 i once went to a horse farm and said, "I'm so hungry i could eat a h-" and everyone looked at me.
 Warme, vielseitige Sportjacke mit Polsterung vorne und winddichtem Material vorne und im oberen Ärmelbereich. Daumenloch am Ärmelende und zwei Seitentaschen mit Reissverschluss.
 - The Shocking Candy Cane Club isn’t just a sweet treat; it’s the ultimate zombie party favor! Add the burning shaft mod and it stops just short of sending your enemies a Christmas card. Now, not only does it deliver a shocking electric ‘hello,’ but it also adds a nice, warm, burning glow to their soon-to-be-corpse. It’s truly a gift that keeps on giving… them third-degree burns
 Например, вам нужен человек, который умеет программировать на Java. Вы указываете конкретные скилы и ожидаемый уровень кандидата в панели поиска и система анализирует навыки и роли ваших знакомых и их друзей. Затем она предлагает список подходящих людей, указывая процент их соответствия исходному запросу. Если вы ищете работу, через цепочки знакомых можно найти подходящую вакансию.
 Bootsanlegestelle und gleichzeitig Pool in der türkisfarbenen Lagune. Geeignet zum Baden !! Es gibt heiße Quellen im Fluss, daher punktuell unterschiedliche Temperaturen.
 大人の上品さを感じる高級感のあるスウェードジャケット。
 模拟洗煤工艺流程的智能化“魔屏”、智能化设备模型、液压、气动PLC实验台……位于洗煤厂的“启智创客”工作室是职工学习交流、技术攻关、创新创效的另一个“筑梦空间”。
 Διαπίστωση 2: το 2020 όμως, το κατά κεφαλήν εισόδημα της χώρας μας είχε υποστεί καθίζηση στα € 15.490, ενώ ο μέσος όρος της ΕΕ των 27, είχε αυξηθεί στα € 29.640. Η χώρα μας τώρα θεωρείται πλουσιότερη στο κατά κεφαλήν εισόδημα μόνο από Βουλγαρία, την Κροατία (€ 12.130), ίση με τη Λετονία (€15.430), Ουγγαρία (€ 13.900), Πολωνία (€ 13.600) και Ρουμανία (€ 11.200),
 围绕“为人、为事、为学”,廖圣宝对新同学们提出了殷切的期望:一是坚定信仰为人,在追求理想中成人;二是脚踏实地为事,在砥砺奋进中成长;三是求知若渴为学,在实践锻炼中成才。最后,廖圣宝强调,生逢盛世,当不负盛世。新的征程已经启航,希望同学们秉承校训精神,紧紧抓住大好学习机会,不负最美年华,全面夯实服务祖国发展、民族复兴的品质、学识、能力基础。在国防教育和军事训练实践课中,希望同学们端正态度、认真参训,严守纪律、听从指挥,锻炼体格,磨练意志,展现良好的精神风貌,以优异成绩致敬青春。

☆ ☆ ☆ ☆ ☆ ☆ ☆

Reproduce exactly, please, only the lines from the start of the data above to the line that contains "大人の上品さを感じる高級感のあるスウェードジャケット。", with both ends kept.

 i once went to a horse farm and said, "I'm so hungry i could eat a h-" and everyone looked at me.
 Warme, vielseitige Sportjacke mit Polsterung vorne und winddichtem Material vorne und im oberen Ärmelbereich. Daumenloch am Ärmelende und zwei Seitentaschen mit Reissverschluss.
 - The Shocking Candy Cane Club isn’t just a sweet treat; it’s the ultimate zombie party favor! Add the burning shaft mod and it stops just short of sending your enemies a Christmas card. Now, not only does it deliver a shocking electric ‘hello,’ but it also adds a nice, warm, burning glow to their soon-to-be-corpse. It’s truly a gift that keeps on giving… them third-degree burns
 Например, вам нужен человек, который умеет программировать на Java. Вы указываете конкретные скилы и ожидаемый уровень кандидата в панели поиска и система анализирует навыки и роли ваших знакомых и их друзей. Затем она предлагает список подходящих людей, указывая процент их соответствия исходному запросу. Если вы ищете работу, через цепочки знакомых можно найти подходящую вакансию.
 Bootsanlegestelle und gleichzeitig Pool in der türkisfarbenen Lagune. Geeignet zum Baden !! Es gibt heiße Quellen im Fluss, daher punktuell unterschiedliche Temperaturen.
 大人の上品さを感じる高級感のあるスウェードジャケット。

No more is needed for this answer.